I know it sounds crazy, but it really does a great job.


----------



## YELLOW_TT (Feb 25, 2004)

TrippleTrouble said:


> hang on let me get this right you wash the car WITH Johnson's Baby Bath  :?:


Yep 2/3 caps in to a bucket of warm water and off you go


----------



## SVStu (Dec 11, 2006)

Try it Tripple you will be surprised !!!!

Nice and gentle, PH balanced, cheap etc.

If you have a shiny car before it wont wash any of the wax off or add any like some specific car shampoo's.

Rinse with hose (no attachments) and water just "falls" off car, but you have to have a shiny one before the it got covered in crud!

Whos fed up of getting clothes filthy while getting shopping out of the boot :x


----------



## PDW (Jul 6, 2007)

Tripple - I thought it was an early April fools too BUT it works.

Try it I dare you. I don't even have kids and I gave it a go!!


----------



## YELLOW_TT (Feb 25, 2004)

PDW said:


> Tripple - I thought it was an early April fools too BUT it works.
> 
> Try it I dare you. I don't even have kids and I gave it a go!!

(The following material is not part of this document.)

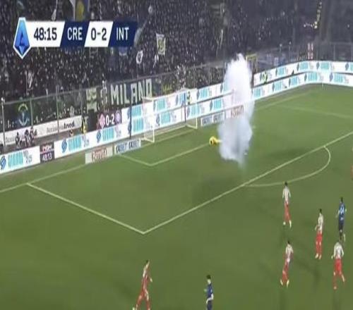 比赛第49分钟,国际米兰左路迪马尔科持球准备进攻,突然一片烟雾出现在屏幕上方,克雷莫内塞门将奥代罗痛苦到底。当时狗哥和所有国米球迷的想法应该是一样的——要坏,这边儿看台可都是国米球迷,一旦奥代罗受伤严重,极有可能比赛会被立即终止,这对于一直掌控比赛的国际米兰来说,徒增变数,绝对不是好事。

You will be OK then but I had problem when I used the Meguries NXT to wash them by mistake :wink: :lol:


----------



## J55TTC (Apr 25, 2005)

You should have seen the look on my wifes face when we got a big bottle of baby bath at our baby shower and I shouted out "GREAT - MORE CARWASH" :lol: :lol:

Nobody understood and didnt think I was serious :lol:


----------



## mde-tt (Aug 7, 2007)

J55TTC said:


> You should have seen the look on my wifes face when we got a big bottle of baby bath at our baby shower and I shouted out "GREAT - MORE CARWASH" :lol: :lol:
> 
> Nobody understood and didnt think I was serious :lol:


 :lol: :lol: :lol:

It does work really well - I too thought somebody was pulling my plonker when it was suggested.
But if its good enough for my toddler its good for my other baby too!!

My wife thinks its hilarious and always tells her friends "he even loves his car so much that he baths it in baby bath!!"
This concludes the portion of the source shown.